Les relations sont un miroir.


anarya_snow @ LJ
Nevaëh Ármannsson – devin
Riagán n’est nul autre que le sorcier l’ayant recueillie lorsqu’elle prit la fuite de la citée. Il a à peine plus de dix de plus qu’elle, et pourtant, la fugueuse toucha une corde sensible en lui qu’il ne pensait plus avoir depuis longtemps. Sans doute se voyait-il en elle quelques années plus tôt, lorsque lui-même avait pris la fuite pour tenter sa chance tout seul. Il a donc pris sous son aile la jeune femme indomptable, lui apprenant à rester en vie dans les contrées sauvages, tout en respectant son caractère de feu. C’est donc une relation pour le moins étrange qui s’est installée entre ces deux personnes aux premiers abords si différentes, et qui trouva pourtant sa place le plus naturellement possible. Il est le seul capable d’avoir la moindre autorité sur elle, aussi minime qu’elle soit, et il laissait un peu tomber sa carapace de sorcier revêche en sa présence.



stormfronticons @ LJ
Áedán Kinnaird – druide
Les deux hommes se sont déjà croisés à l’occasion de voyage, et dire que le courant est mal passé serait un euphémisme. La seule chose qui avait empêché leur désaccord de tourner en combat rangé fut que chacun reprit sa route, bien décidé à ne jamais se croiser. Ou plutôt, c’était ce qu’ils espéraient, car c’était sans compter que Áedán fasse la connaissance de la petite protégée du sorcier, et ignore ses demandes de se tenir à l’écart. Il n’hésite pas à le provoquer, adorant attiser le feu sans se douter un seul instant que Riagán est un adversaire bien plus dangereux qu’il ne le soupçonne. Mais qu’à cela ne tienne, Áedán est également puissant dans son domaine, et cela semble être un combat de titans qui les attend. Si les deux hommes n’en sont pas encore venus aux mains, il est peu probable que cela continue ainsi. Car il n’est pas difficile à deviner que les deux individus n’hésiteront pas à mettre leurs menaces respectives à exécution.



graphixed_art @ LJ
Eliezhel Madrovel – singulier
Il y a quelques mois de cela, Riagán s’est retrouvé dans des terres désertes, s’étant laissé prendre au piège par une tempête. N’aimant guère l’idée de trouver des hôtes, il y fut cependant contraint, d’autant plus qu’il ne pouvait ignorer la présence de sa protégée. Les possibilités furent réduites, puisqu’il n’y avait dans les environs qu’une seule maison, celle d’Eliezhel. Les voyageurs furent accueillis dans les règles de l’art, et l’espace d’une soirée, Riagán retrouva là le plaisir d’être au milieu d’une famille, même si cela n’était pas la sienne.

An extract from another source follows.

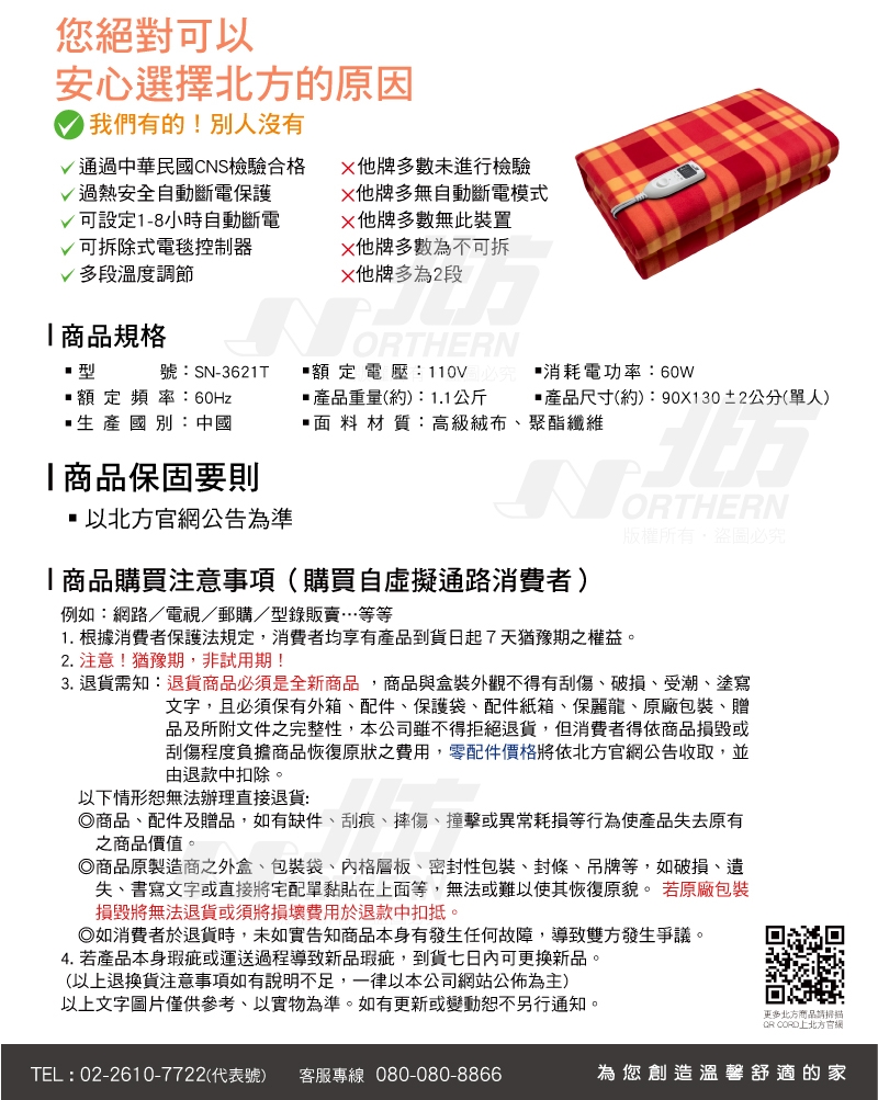 依北方官網上的保固要則為主:https://www.northern.com.tw/pages/warranty

Le jeune Eliezhel, se montra plus curieux que jamais sur la vie du sorcier, sans pour autant obtenir une seule réponse. Aussi fut-il aussi déçu de voir la disparition de Riagán le lendemain, mais fut également blessé dans son honneur. Comment un homme pouvait-il accepter l’hospitalité de sa famille, et partir le lendemain sans un mot ? Eliezhel s’est alors mis en tête de le retrouver, et de comprendre un tel comportement qui, il est certain, cache bien plus qu’un simple manque d’éducation.



Sunlight
Tanith Ruane – Héritière
Jolie fille que Tanith avec ses yeux de biche et son air innocent auquel on donnerait Eydis sans confession. Raison de plus pour s'en méfier. Elle maîtrise étonnamment bien ses pouvoirs pour une sorcière qui se prétend si ignorante et l'aisance avec laquelle elle assouplit sa morale sur certaines choses ont réveillé la méfiance de Riagán. Sans parler de ses fréquentations dont il n'a eu qu'un aperçu que par de brèves remarques. Il a essayé de mener sa petite enquête mais personne ne semble savoir d'où elle vient ni où elle a acquis sa magie. À vrai dire, personne ne semble savoir qui elle est. Pour autant, elle semble rechercher autant sa compagnie en tant que sorcier que les leçons qu'il peut lui apporter. Dans le fond, il est intimement persuadé que comme lui, Tanith a été un temps attirée par la magie noire et cherche à s'en sortir.